* [Source data]:
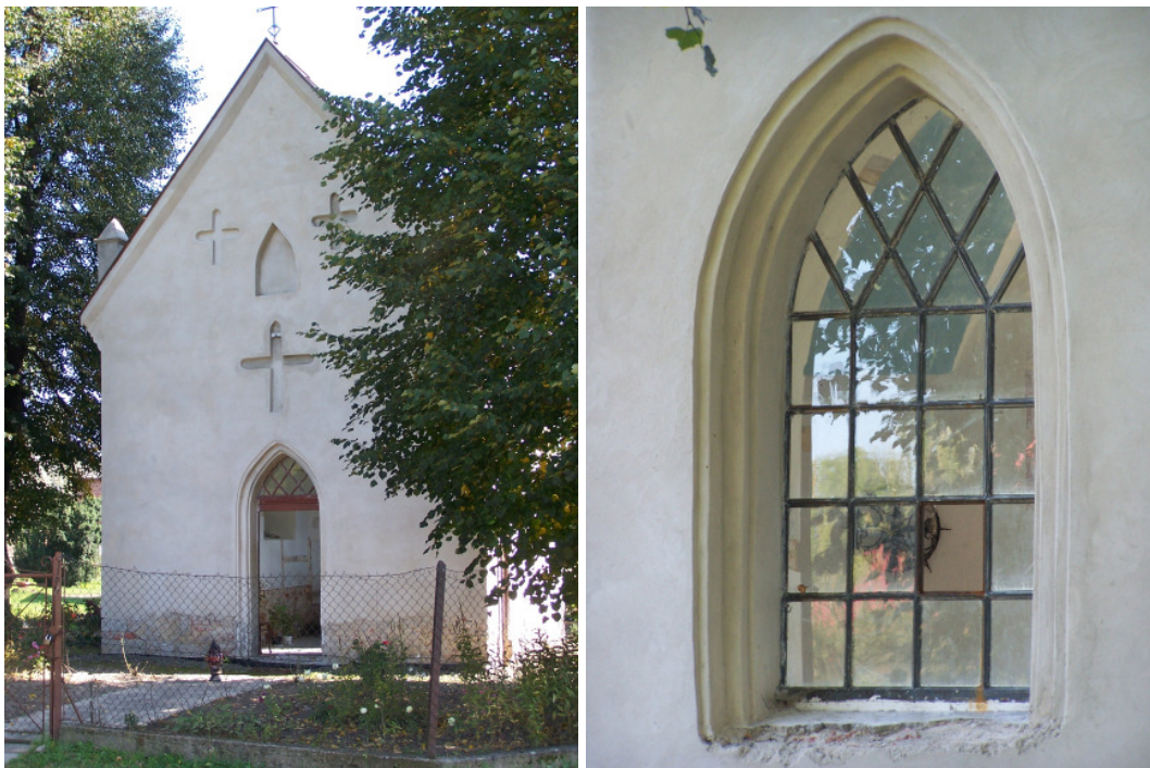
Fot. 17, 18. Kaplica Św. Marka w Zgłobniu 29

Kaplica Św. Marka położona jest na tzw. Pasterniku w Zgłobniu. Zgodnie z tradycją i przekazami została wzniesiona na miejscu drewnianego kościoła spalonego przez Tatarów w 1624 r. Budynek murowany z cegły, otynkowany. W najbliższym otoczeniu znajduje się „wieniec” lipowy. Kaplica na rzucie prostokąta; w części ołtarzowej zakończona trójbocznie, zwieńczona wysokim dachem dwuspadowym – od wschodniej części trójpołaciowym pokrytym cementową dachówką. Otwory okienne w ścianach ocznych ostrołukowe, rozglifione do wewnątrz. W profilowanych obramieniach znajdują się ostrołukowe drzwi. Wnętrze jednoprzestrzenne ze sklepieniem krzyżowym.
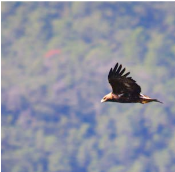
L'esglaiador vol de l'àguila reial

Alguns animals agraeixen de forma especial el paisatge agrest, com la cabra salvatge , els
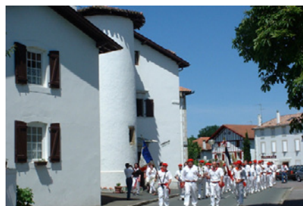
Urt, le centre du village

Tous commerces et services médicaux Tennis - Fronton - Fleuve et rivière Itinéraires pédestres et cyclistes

* [Problem to solve]: Print only the lines running from the one with "Urt, le centre du village" to the final line of the data above, each exactly as it appears.

* [Solution to this exercise]:
Urt, le centre du village

Tous commerces et services médicaux Tennis - Fronton - Fleuve et rivière Itinéraires pédestres et cyclistes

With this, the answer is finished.